When we relocated our relatively new business to the Melbourne eastern suburb of Burwood in 1999, we carefully looked at property values and potential fees as part of our business plan. Average values then were about $180,000. Fast forward 19 years and the cheapest house in the area will set you back about $1,000,000. Average prices across Melbourne are about 4 times higher than 20 years ago, whilst the Eastern suburbs in which we operate have increased to be about 5 times those prices.
If we had been asked what to invest in then or how much growth could be expected, we simply would not have predicted this. Year in and year out, doomsayers predict the imminent collapse of values (yes, we’re talking about you Harry) and of course there have been pauses and dips along the way.

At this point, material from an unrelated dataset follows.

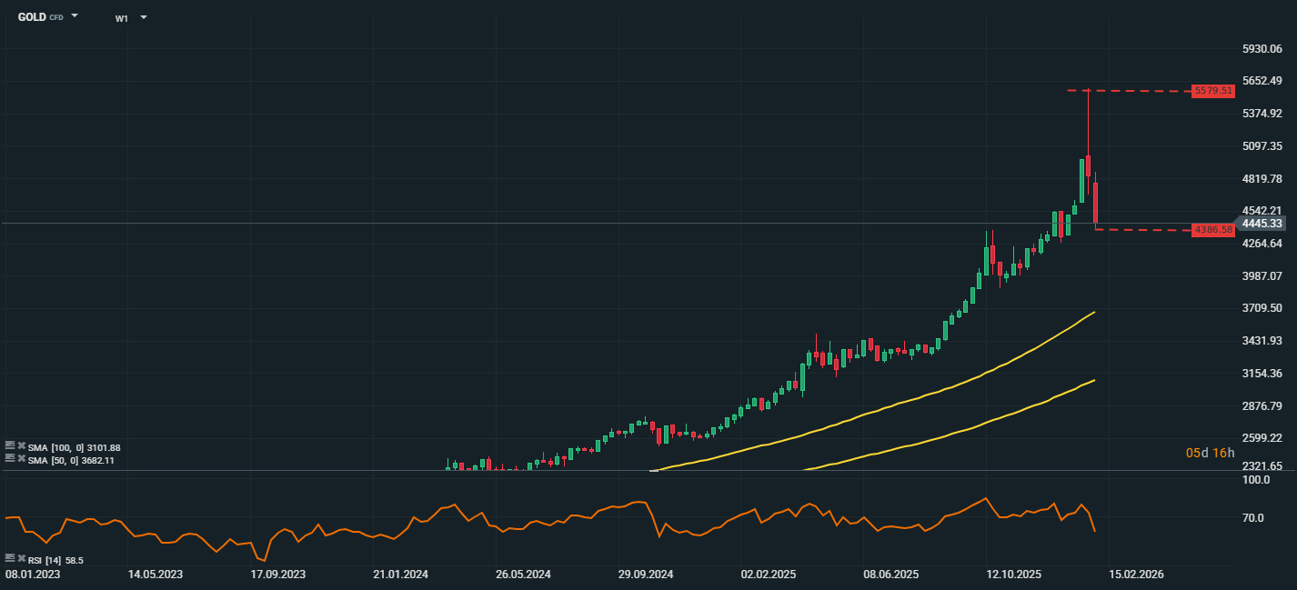 Gía Vàng tiếp tục lao dốc trong phiên đầu tiên của tháng 2. Những áp lực bán trong tuần trước vẫn tiếp tục gia tăng khiến giá Vàng tìm về các mức đáy thấp hơn. Đầu giờ chiều nay, giá Vàng đã có thời điểm chạm mức 4.400 USD/oz và nhanh chóng bật tăng. Tính từ mức đỉnh lịch sử gần 5.600 USD/oz, giá Vàng đã mất tổng cộng gần 20% giá trị và vẫn chưa có dấu hiệu dừng lại. Nguồn: xStation5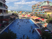 Отдыхали с подругой и ребёнком в отеле в начале июля 2018 года, начитались отзывов о нем, были немного насторожены, но когда приехали-начиная с заселения-у нас все пошло отлично. Нас интересовало море и анимация-и тут все было супер. Не смотря на то, что до моря нужно идти или ехать на автобусе, который ходит от отеля к пляжу, нам это даже нравилось, что можно прогуляться, и конечно же мы знали что едим в 4 звездочный отель(не первая линия). Начну с комнат: номер не большой, но уютный, в номере чисто, убирали через день, мыли пол и вытирали пыль, ну и меняли полотенца. В номере мы только ночевали и мылись, для других целей номер и не нужен вовсе на отдыхе)), многие жаловались, что номер маленький)-вы что там бегать собрались?))

But stand back and look at the results over 10, 20 or even 40 years.
We aren’t arguing that this is a good thing and yes, we have children who struggle to enter the market too. But we can either complain how unfair life is and live a life of regret and lost opportunities or make the effort to tap into an astonishingly stable growth as evidenced by a very long history. When is the best time to enter the market? When you can. Will you get the timing right? Not unless you are simply lucky. Might prices soften after you buy? Of course. But when have I advised my own family to buy property? As soon as you possibly can.
10 years goes by in what seems like no time and if you want to know what your property might be worth in 10 years time, simply look at prices from 10 years ago (or possibly only 5 if you want to be conservative). Do you wish you’d bought then? Right now is the 10 years you’ll be looking back on in 10 years’ time. Don’t fall into life’s trap and become one of the “If only I had…” people that others feel sympathy for.